Nothing may be left out of the listing below but its images; repeat the rest exactly.

- **EXTRACTED RECORDS**
....................

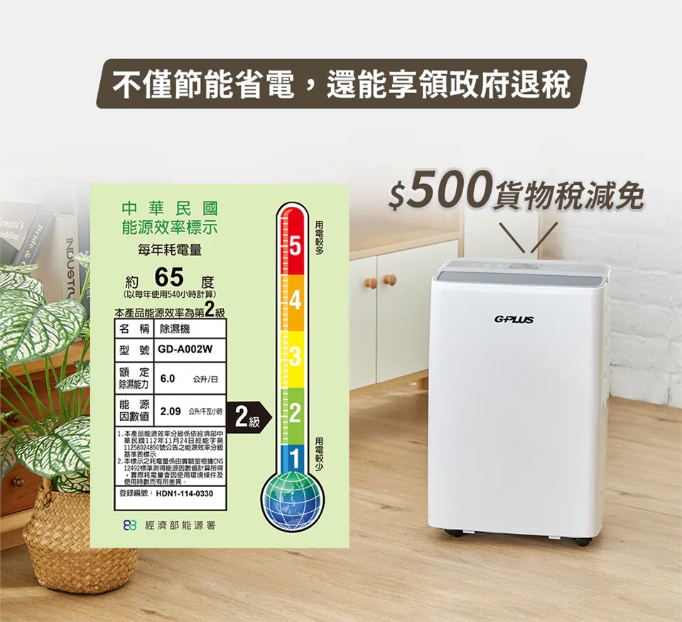 【G-PLUS 拓勤】6L智慧節能除濕機(GD-A002W)
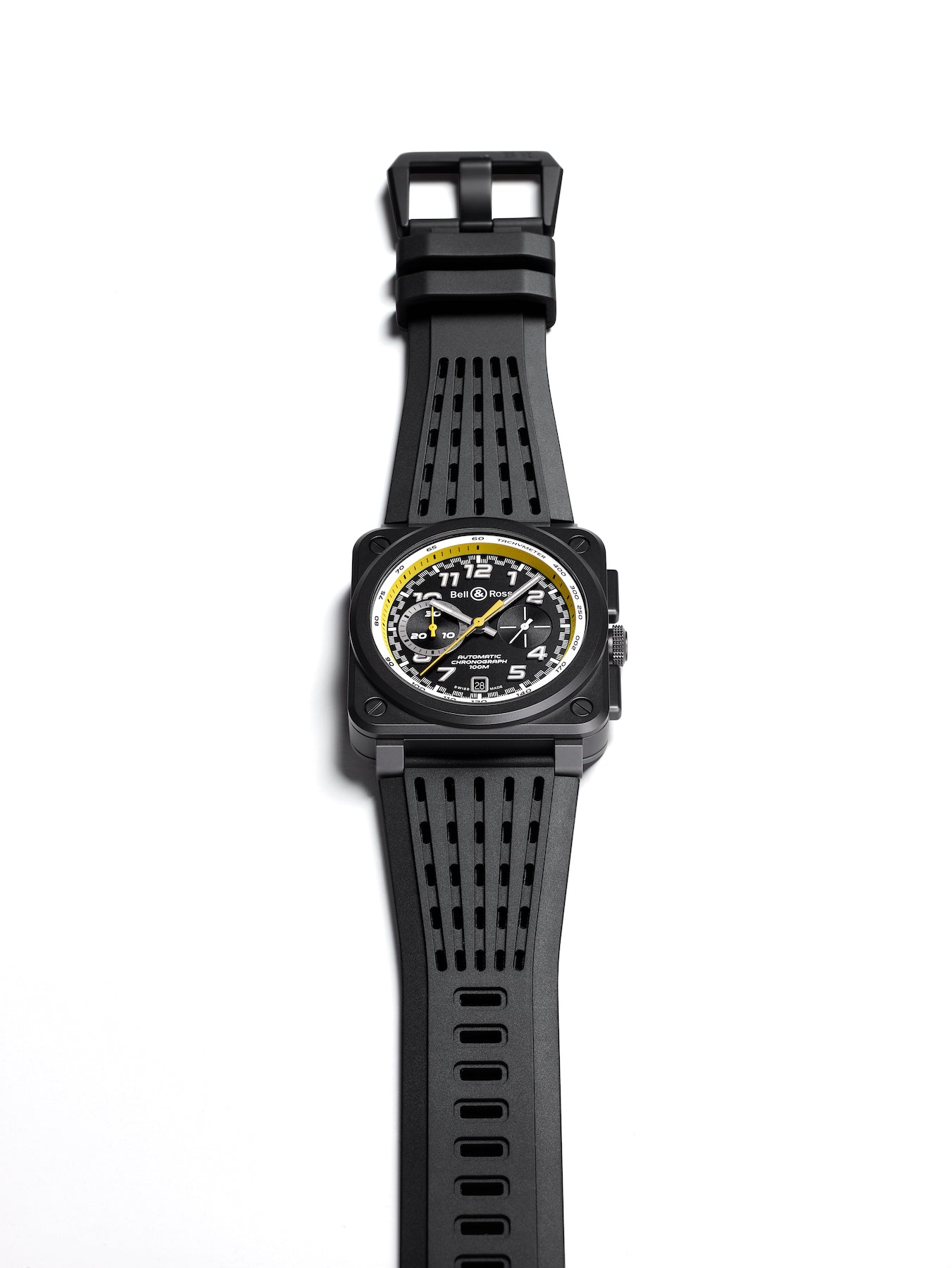 This breathtaking Bell and Ross R.S.20 Limited Edition watch boasts an aesthetic inspired by the world of motor racing with a 42mm black ceramic case, tachymeter scale on the flange and a closed case back engraved with a Formula 1 Renault R.S.20 decoration. Hidden within the case is the BR-CAL.301 automatic winding movement which powers the central hands for hours, minutes and chronograph seconds, small seconds at 3 o clock, date and 30 minute counter at 9 o clock. The unmissable black matte dial takes inspiration from the colourful aesthetics of the Renault F1 cars and showcases bold yellow accents, metal skeletonised Superluminova filled hands and large metal applique indices for ultimate legibility.
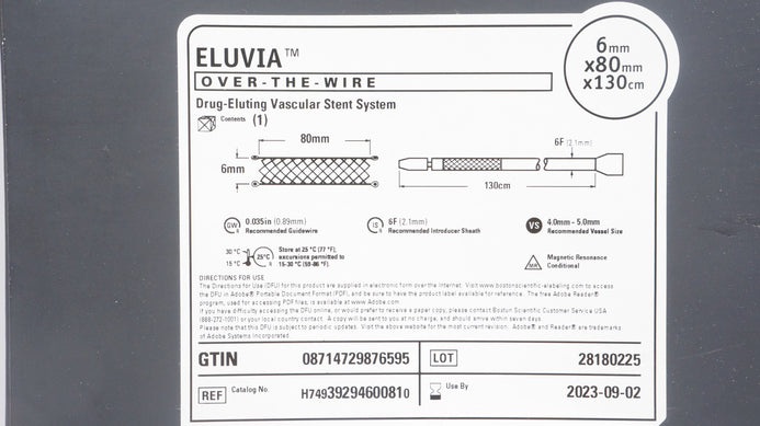 - Boston Scientific H74939294600810 Eluvia Vascular Stnt System 130cm x 6 x 80mm(x)
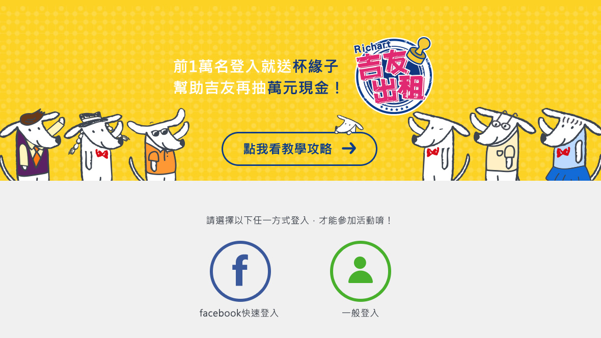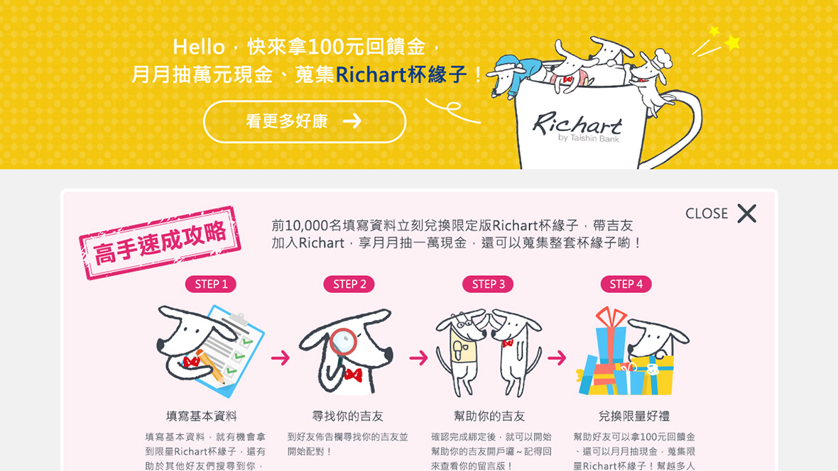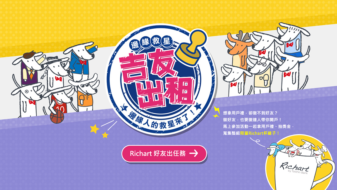 Richart 吉友出租前無古人!絕無僅有的金融交友平台! 交友軟體左滑又滑,邊緣人只能QAQ?Richart幫你打造全新金融交友活動,一起來吉友出租! 喬階開戶斷點、帶入時事議題,此次活動依然延續上次佳績,透過帶好友開戶的經驗累積讓用戶選擇配對對象,完成開戶即可兌換好禮。此活動自主口碑推薦、分享文不斷,帶來極佳的活動成效。
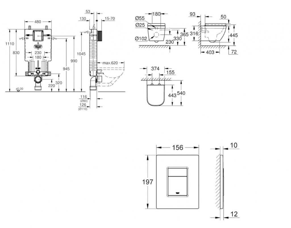 - pro vertikální nebo horizontální použití splachovacích tlačítek
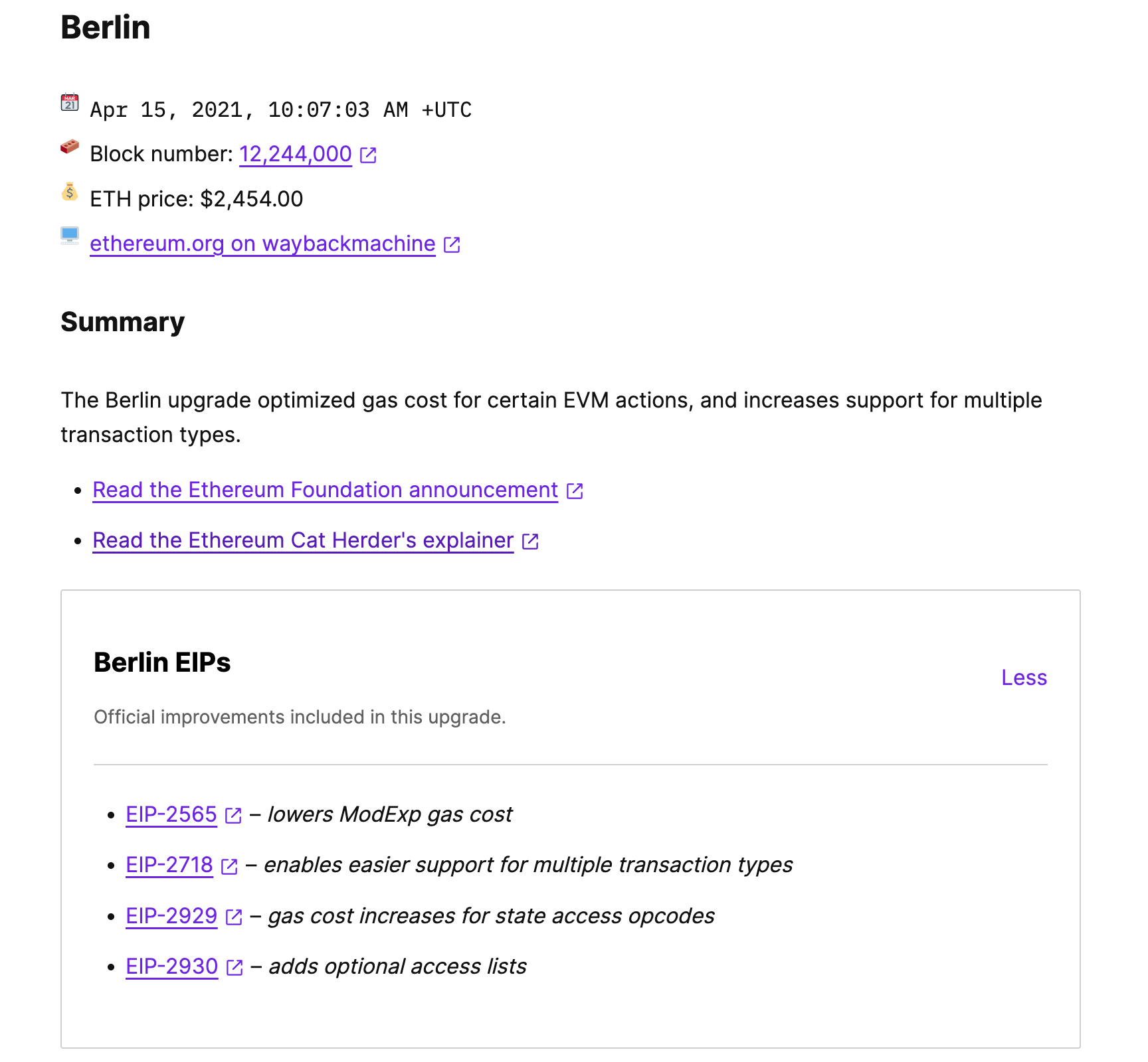 上述内容は EIP-2537 の初期の経緯を示しています。EIP-2537 は初期の Berlin アップグレードにおいて最も重要な EIP の一つでしたが、実装の問題から最終的に廃止されました。最後に、2021 年 4 月にイーサリアムは Berlin アップグレードを完了しました。アップグレードの中核に含まれる EIP-2565 などの実際の実装はそれほど複雑ではなく、Berlin アップグレードはやや薄っぺらに見えるかもしれません。これは、最も核心的で複雑な EIP-2537 が Berlin アップグレードから除外されたためです。

....................

- **EXERCISE SOLUTION**
 【G-PLUS 拓勤】6L智慧節能除濕機(GD-A002W)
 This breathtaking Bell and Ross R.S.20 Limited Edition watch boasts an aesthetic inspired by the world of motor racing with a 42mm black ceramic case, tachymeter scale on the flange and a closed case back engraved with a Formula 1 Renault R.S.20 decoration. Hidden within the case is the BR-CAL.301 automatic winding movement which powers the central hands for hours, minutes and chronograph seconds, small seconds at 3 o clock, date and 30 minute counter at 9 o clock. The unmissable black matte dial takes inspiration from the colourful aesthetics of the Renault F1 cars and showcases bold yellow accents, metal skeletonised Superluminova filled hands and large metal applique indices for ultimate legibility.
 - Boston Scientific H74939294600810 Eluvia Vascular Stnt System 130cm x 6 x 80mm(x)
 Richart 吉友出租前無古人!絕無僅有的金融交友平台! 交友軟體左滑又滑,邊緣人只能QAQ?Richart幫你打造全新金融交友活動,一起來吉友出租! 喬階開戶斷點、帶入時事議題,此次活動依然延續上次佳績,透過帶好友開戶的經驗累積讓用戶選擇配對對象,完成開戶即可兌換好禮。此活動自主口碑推薦、分享文不斷,帶來極佳的活動成效。
 - pro vertikální nebo horizontální použití splachovacích tlačítek
 上述内容は EIP-2537 の初期の経緯を示しています。EIP-2537 は初期の Berlin アップグレードにおいて最も重要な EIP の一つでしたが、実装の問題から最終的に廃止されました。最後に、2021 年 4 月にイーサリアムは Berlin アップグレードを完了しました。アップグレードの中核に含まれる EIP-2565 などの実際の実装はそれほど複雑ではなく、Berlin アップグレードはやや薄っぺらに見えるかもしれません。これは、最も核心的で複雑な EIP-2537 が Berlin アップグレードから除外されたためです。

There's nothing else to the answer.